Other opportunities include selling barley into the small but growing craft brewery market in North America and expanding exports of feed barley.

Otto said overseas demand for Canadian feed barley was demonstrated in 2007 when barley was temporarily removed from the Canadian Wheat Board’s single desk.

In that period, private industry exported roughly 800,000 tonnes of feed barley to foreign buyers.

The wheat board also exported feed barley, but Otto believes volumes will increase significantly in an open market environment.

Accessing foreign feed markets is an important consideration for the industry because barley is facing increased competition from wheat- and corn-based dried distillers grain, an abundant byproduct of the North American ethanol industry.

“Instead of being trapped in a domestic fed market, we will be looking at opportunities in export fed markets as well and that is a growing market that we know we can compete in.”

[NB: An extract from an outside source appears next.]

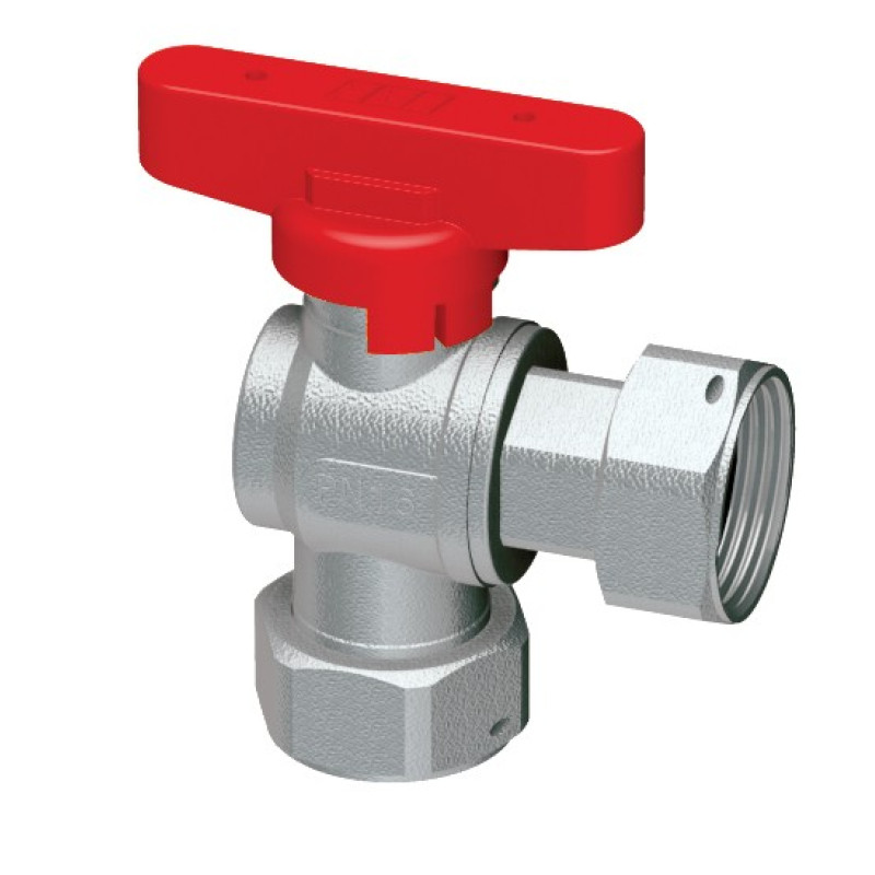 Шаровой кран FAR хром. 3/4"накид.гайки бабочка красный угловой
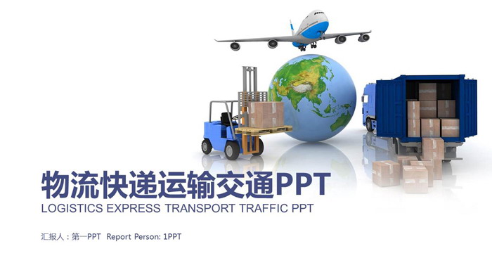 幻灯片模板封面,少用了货车、货物包装箱、叉车、地球等图片作为背景。与物流快递主题搭配。

The barley study, which received government and industry funding, was initiated in response to growing concerns about dwindling barley acreage in Canada.

Canadian acreage has dropped from a high of more than 12 million acres in 2002 to a low of six or seven million acres.

“Certainly, the barley industry has been struggling,” Otto said. “The purpose … was to study the barley industry and to try to understand why we’re losing so many acres to other crops.”

John DePape, one of three consultants who helped co-ordinate the study, told delegates at a recent grain industry conference that demand for medium quality malting barley is particularly strong in China.

China is easily the world’s largest brewer of beer, and domestic beer sales in that country are expected to increase significantly over the next few years.

DePape said many Chinese brewers are inclined to use a lower value malt in their brewing process because it allows them to sell discount priced beer that is more affordable to low income earners.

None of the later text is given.